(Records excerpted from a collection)
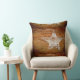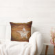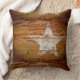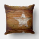 Coussin rustique primitif en bois brun avec une étoile peinte en blanc. Customisez avec vos propres photos, noms ou mots.
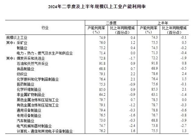 據(jù)國家統(tǒng)計(jì)局網(wǎng)站消息,2024年二季度,全國規(guī)模以上工業(yè)產(chǎn)能利用率為74.9%,比上年同期上升0.4個(gè)百分點(diǎn),比一季度上升1.3個(gè)百分點(diǎn)。
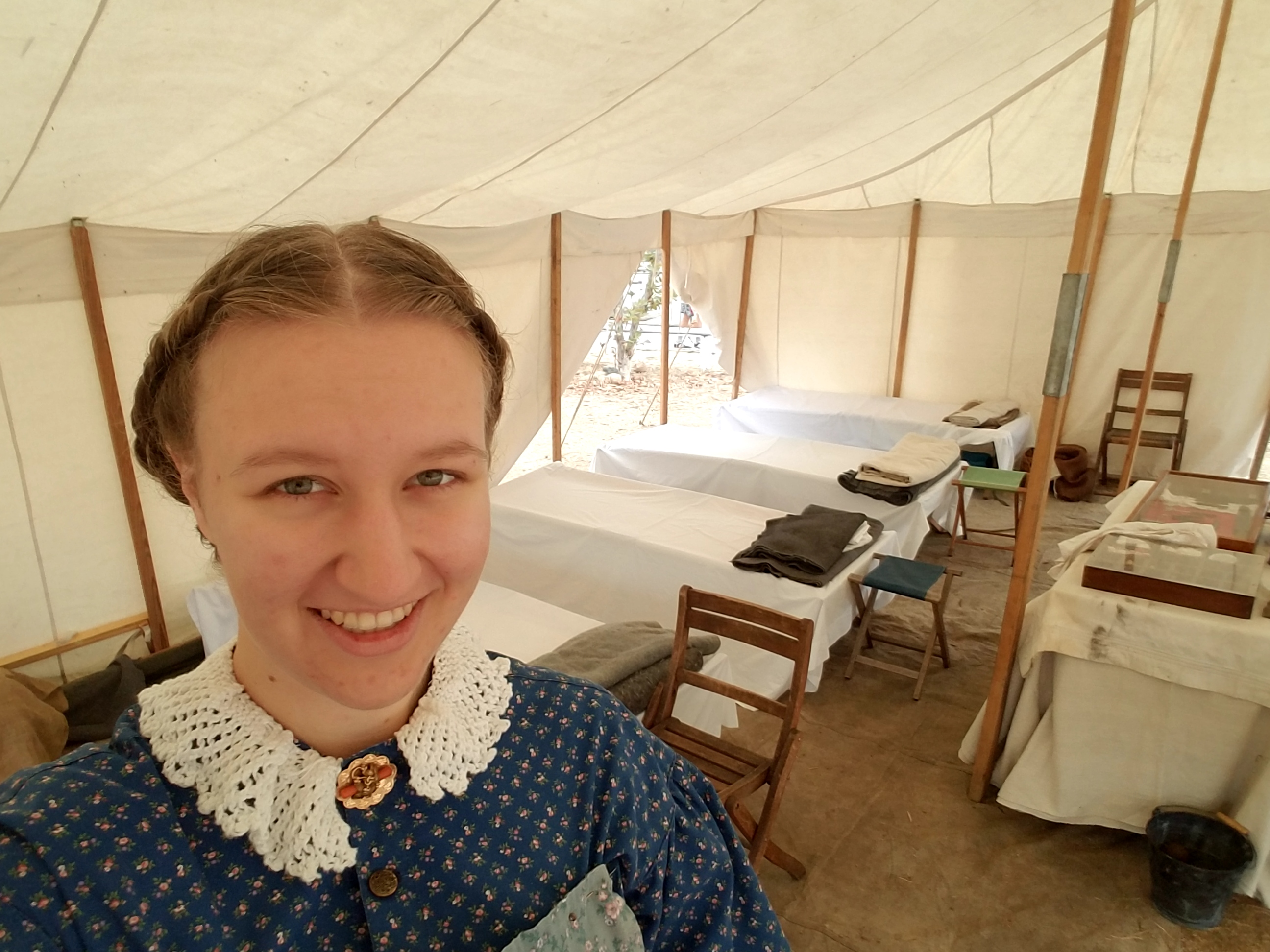 She stood there, staring at the minie ball in her tiny hand and feeling the weight of that original bullet. I was busy talking to the other children and adults at the medical display table and keeping an eye on the “touch and explore” box. I’d handed this little girl – maybe age five or six – the bullet to let her examine the projectile that would’ve been loaded into and shot from the soldier’s rifle she’d seen a few minutes earlier at the School of the Soldier educational station. (And to hopefully distract her from the amputation saw.)
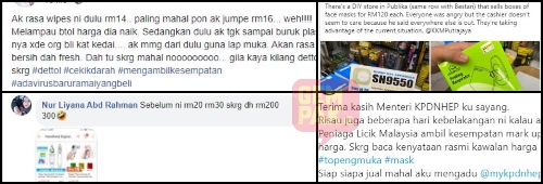 Malah alat pengesan suhu badan juga dijual dengan harga sehingga RM339 dan tisu basah anti bakteria naik melambung di antara RM45 sehingga RM65!
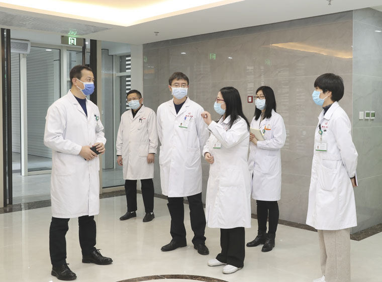 赵群副院长一行听取了相关科室疫情防控期间的重点举措,实地查看了南楼病房、发热门诊、手术室等区域的探视管理以及胸二病区小组式护理员的上下班打卡制度,并对教学楼学生学习、生活的常态化管理情况进行了深入了解,指出在医院疫情防控整体安排部署下,加强第三方陪护人员与学生管理的重要性,非必要不外出,减少外来人员流动,完善科学、有序的规范化管理。
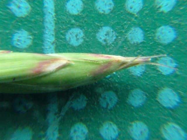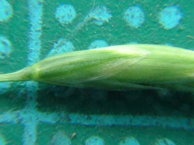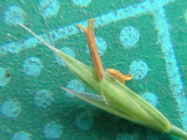 | ▼護穎の背から芒が伸びる。 | ▼護穎と内穎は同長。 | |
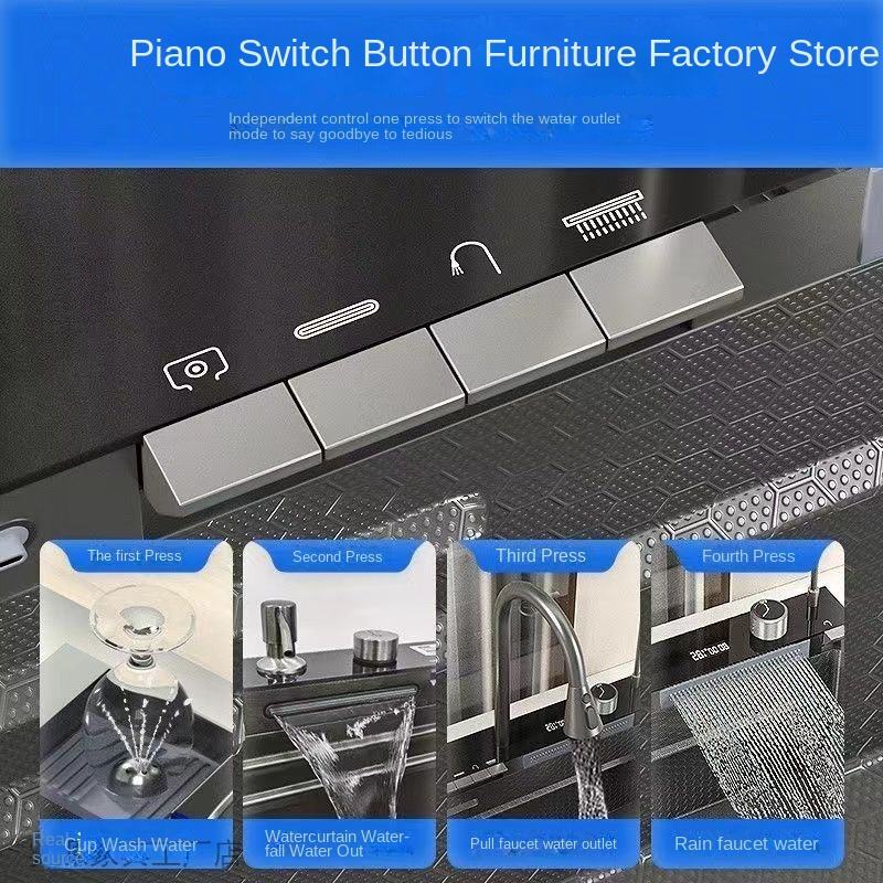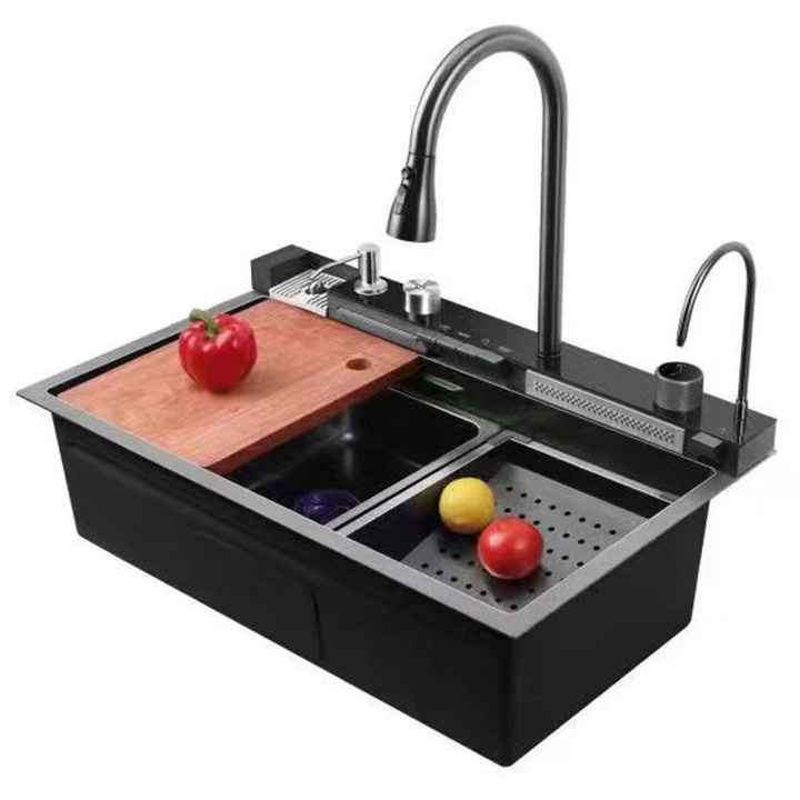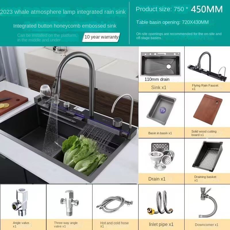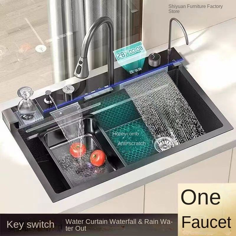 อ่างล้างผักแบบหนา 304 สแตนเลสทรงสี่เหลี่ยมลายรังผึ้ง หนา 4.0 มม. อ่างล้างจานแบบช่องเดียว น้ำตก นาโน สำหรับห้องครัว

What this task involves:
From the first line of the records through the line containing "She stood there, staring", please output exactly those lines and nothing more, leaving out the pictures.

Result of the task:
 Coussin rustique primitif en bois brun avec une étoile peinte en blanc. Customisez avec vos propres photos, noms ou mots.
 據(jù)國家統(tǒng)計(jì)局網(wǎng)站消息,2024年二季度,全國規(guī)模以上工業(yè)產(chǎn)能利用率為74.9%,比上年同期上升0.4個(gè)百分點(diǎn),比一季度上升1.3個(gè)百分點(diǎn)。
 She stood there, staring at the minie ball in her tiny hand and feeling the weight of that original bullet. I was busy talking to the other children and adults at the medical display table and keeping an eye on the “touch and explore” box. I’d handed this little girl – maybe age five or six – the bullet to let her examine the projectile that would’ve been loaded into and shot from the soldier’s rifle she’d seen a few minutes earlier at the School of the Soldier educational station. (And to hopefully distract her from the amputation saw.)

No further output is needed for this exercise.